Outro ponto que gostaríamos de citar é sobre os neófitos, os que chegam à Doutrina Espírita e começam a beber em suas fontes. Logo percebem a grandiosidade da mensagem reveladora e em muitos casos assustam-se e se esquivam de saber mais, amedrontados com a possibilidade de nunca conseguirem realizar seus ensinamentos.

Outros, que persistem um pouco mais, mas que ainda não compreenderam a mensagem em toda a sua extensão, iniciam um processo autopunitivo complexo, sofrendo demasiadamente a dor oriunda de seu passado complicado.

Um exemplo: pessoas que fazem uso de drogas [mesmo as chamadas lícitas], ao aprenderem o que ocorre com o corpo espiritual [perispírito], podem passar a sentir tremendas dificuldades íntimas.

É preciso que se saiba que não importa o tamanho do problema ou do erro, mas nosso empenho sadio nas escolhas do hoje que redundarão num futuro diferente.

Não temos mais controle sobre o que já fizemos. Isso é passado. Mas podemos controlar o nosso próprio futuro e isso realmente depende de nós.

Os erros nos ajudam sobremaneira na compreensão sobre os novos caminhos que devem ser trilhados. São importantíssimos para nossa evolução. Não farão sentido para nós determinadas escolhas se não soubermos o porquê delas. A fé precisa ser raciocinada. Devemos saber por que precisamos mudar, como mudar e quando mudar. E mesmo que não consigamos nos reformar em determinados aspectos, o que aprendemos é que precisamos tornar a tentar, tornar a tentar e tornar a tentar… setenta vezes sete vezes, se preciso for…

E se não tivermos a oportunidade de reparar o mal que fizemos com determinada pessoa, diretamente?

Busquemos não repetir o erro e amemos muito. Disse o apóstolo Pedro que “O amor cobre uma multidão de pecados” (I Pedro, 4:8). É isso.

Recordemos que do erro de Rousseau e de Maria de Magdala surgiram frutos maravilhosos.
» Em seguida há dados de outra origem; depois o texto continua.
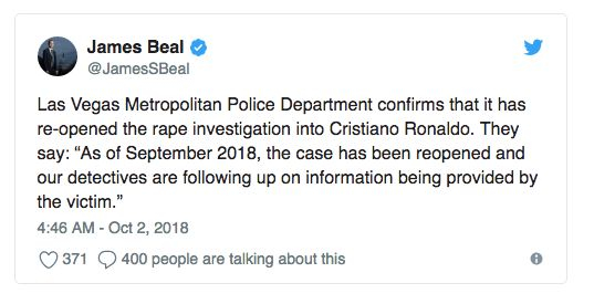 据CNN报道,美国拉斯维加斯警方10月1日宣布重启一例2009年性侵事件的调查,球星C罗正是该案的嫌疑人。

Embora sem conseguirem uma reparação direta com os prejudicados ainda naquela encarnação [no caso de Rousseau, os cinco filhos por ele abandonados], ambos optaram pelo exercício do amor desinteressado e com isso nos deixaram um belíssimo e importante legado que, se observado e levado a efeito, ajuda-nos em nossa caminhada, libertando-nos do remorso, impulsionando-nos ao acerto, ao bom caminho, conforme já nos indicava, há dois mil anos, Jesus, o Mestre por excelência.
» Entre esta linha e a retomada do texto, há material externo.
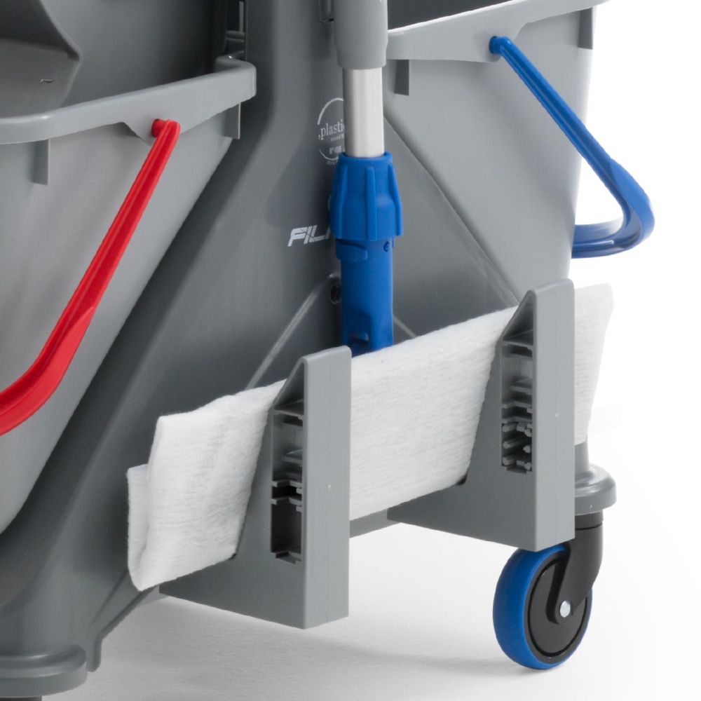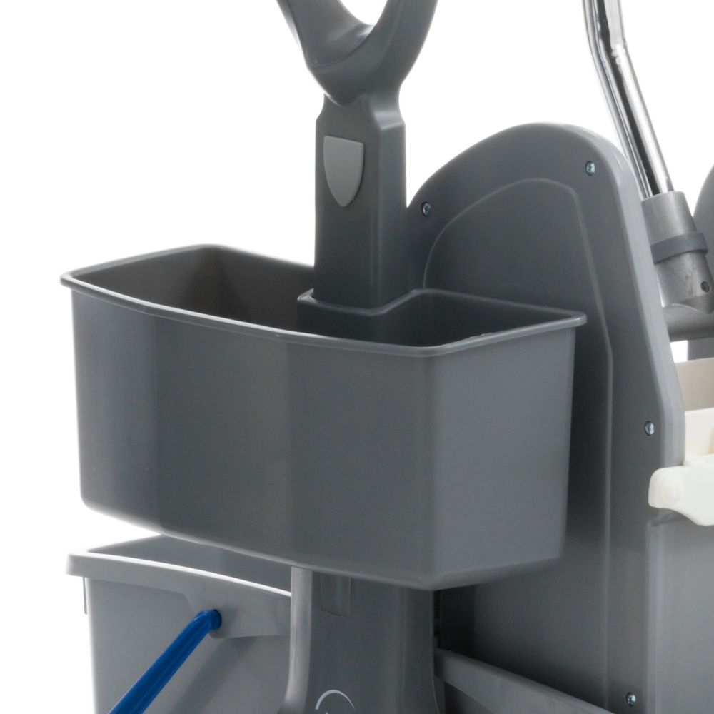 Dodatkowe miejsce na akcesoria: Wózek posiada praktyczną kuwetę boczną na chemię lub drobne akcesoria oraz zintegrowany uchwyt na miotłę/kij.

E mesmo que tenhamos de aguardar um tempo maior para conseguirmos oportunidade de reparação direta, não tenhamos dúvida de que, fortalecidos pelo amor em ação, conseguiremos ultrapassar barreiras íntimas, tornando-nos, por fim, benfeitores não apenas destes, mas de muitos outros que cruzarem os nossos caminhos. 

Referências 

LELOUP: J. Y; WEILL, P.; CREMA, R. Normose: a patologia da normalidade. São Paulo, Thot, 1997.  

KARDEC, A. O Céu e o Inferno, Código da Vida Futura, p.94, Tradução de Manuel Justiniano Quintão, 42ª edição; FEB; Rio de Janeiro, 1998. 

___________O Livro dos Espíritos, 1ª edição comemorativa do sesquicentenário, Tradução de Evandro Noleto Bezerra, FEB, Rio de Janeiro, 2006. 

ROUSSEAU, J.J.; Emílio ou Da Educação; tradução Roberto Leal Ferreira, 3ª edição, São Paulo, Martins Fontes, 2004. 

WEBER, Max. A Ética Protestante e o Espírito do Capitalismo. São Paulo, Martin Claret. 4ª edição, 2001. 

XAVIER, F.C.; Boa Nova, capítulo Maria de Magdala, pelo Espírito Humberto de Campos; FEB; 3ª edição, Rio de Janeiro, 2008.

(1) Segundo a ideia vigente na ideologia do capitalismo, o homem é um ser que ‘se faz sozinho’, podendo ascender ou fracassar, de acordo com sua vontade [ou falta dela]. Nesta forma de pensamento não são consideradas as influências do meio para estudo e entendimento do indivíduo; os fenômenos humanos poderiam ser estudados em separado do contexto onde este se desenvolveu. Na cultura norte-americana, o ‘self-made man’ (homem que se faz sozinho) é o símbolo maior desse tipo de pensamento, auxiliando, desta forma, a manutenção da ideologia em que estamos mergulhados.